On May 16, 2014, at 8:06 AM, holger krekel <holger at merlinux.eu> wrote:

> On Fri, May 16, 2014 at 07:20 -0400, Donald Stufft wrote:
>> On May 16, 2014, at 6:16 AM, holger krekel <holger at merlinux.eu> wrote:
>> 
>>> Hi Donald, Nick, Richard, all,
>>> 
>>> finally got around to read and think about the issues discussed in PEP470.  
>>> First of all thanks for going through the effort of trying to 
>>> advance the overall situation with a focus on making it easier 
>>> for our wonderful and beloved "end users" :)
>>> 
>>> However, I think PEP470 needs to achieve stronger backward compatibility for
>>> end-users because, as is typical for the 99%, they like to see change
>>> but hate to be forced to change themselves.
>>> 
>>> Allow me to remind of how PEP438 worked in this regard: all
>>> end users always remained able to install all projects, including those
>>> with ancient tools and they all benefitted from the changes PEP438
>>> brought: 90% of the projects were automatically switched to
>>> "pypi-explicit" mode, speeding up and making more reliable installs for
>>> everyone across the board.  Let me thank specifically and once
>>> again our grand tooler Donald here who implemented most of it.
>>> 
>>> However, PEP470 does not achieve this level of backward compatibility yet.
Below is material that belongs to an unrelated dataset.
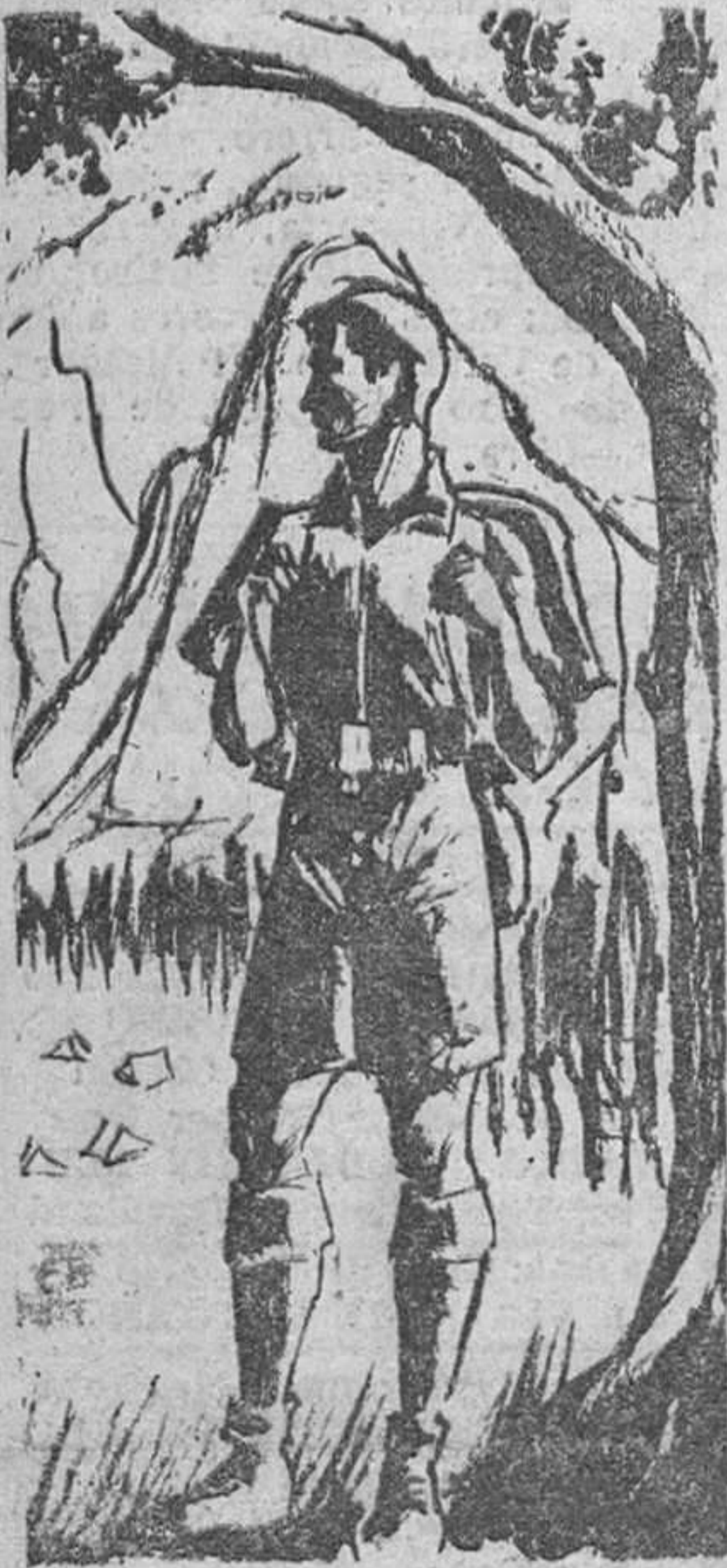
UN REPORTAJE EN SEXTA PAGINA

600 muchachos del F. de J. de Zamora, irán a los Campamentos de Verano. En ellos se forma integralmente la juventud

>>> Let's look at its current procedure leading up to the final switch:
>>> 
>>>   "After that switch, an email will be sent to projects which rely on
>>>   hosting external to PyPI. This email will warn these projects that
>>>   externally hosted files have been deprecated on PyPI and that in 6
>>>   months from the time of that email that all external links will be
>>>   removed from the installer APIs. (...)
>>> 
>>>   Five months after the initial email, another email must be sent to
>>>   any projects still relying on external hosting. (...)
>>> 
>>>   Finally a month later all projects will be switched to the pypa-only
>>>   mode and PyPI will be modified to remove the externally linked files
>>>   functionality."
>>> 
>>> This process tries to trigger changes from those 2974 project maintainers 
>>> who are today operating in pypi-crawl* modes.  If we are left with a 1000 
>>> stale project maintainers at final-switch time, and speculate about just 100 
>>> downloads for each of their projects, it means this final switch may get 
>>> us 100000 failing installation interactions the day after the final switch.  
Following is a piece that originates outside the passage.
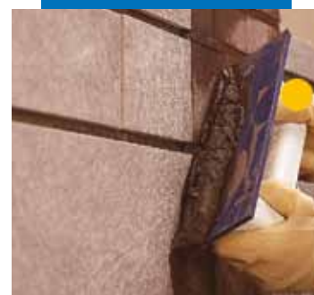
Autre exemple d'application d' Ultracolor Plus à la spatule en caoutchouc en mur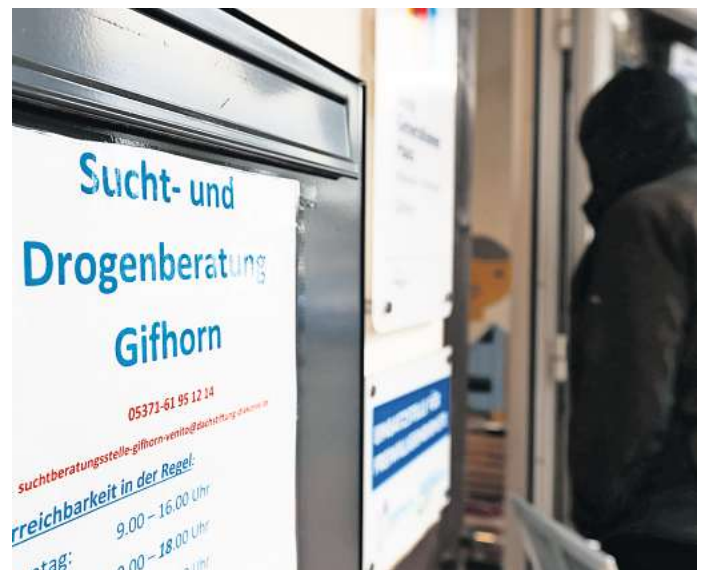
Die Sucht- und Drogenberatung zieht in das ehemalige Speicherhof-Café.

Unter dem Dach von Venito startete die Sucht- und Drogenberatung zu Jahresbeginn mit neuer Anlaufstelle zunächst in den Räumen im Mehrgenerationenhaus im Georgshof. Gleichzeitig begann aber auch die Suche nach einem Standort in Innenstadtnähe – und diese war nun erfolgreich. „Die Nähe zum Mehrgenerationenhaus ist natürlich super. So können wir Synergien nutzen“, freut sich Schulte. Über den genauen Zeitpunkt zum Umzug und die Eröffnung am neuen Standort werde die Dachstiftung rechtzeitig informieren.

>>> Might be higher or lower, but i hope we agree that we'll very likely 
>>> have a significant "stale project maintainer" problem affecting 
>>> many end-users and existing CI installations etc.
>>> 
>>> Even for those maintainers who switch to use an external index
>>> as currently advertised by the PEP, and with their release files also
>>> being downloaded a 100 times each, we'll have another 50000 interactions 
>>> from end users which need to re-configure their tool usage to switch to 
>>> use an external index.  Granted, those using a new pip version would get 
>>> a useful hint how to do that.  Others, using older versions, would have 
>>> to discover the project pypi website to hopefully understand how to 
>>> make their stuff work again.
>>> 
>>> In any case, we'd likely get a ton of end-user side installation issues 
>>> and i think PEP470 needs to be modified to try minimize this number.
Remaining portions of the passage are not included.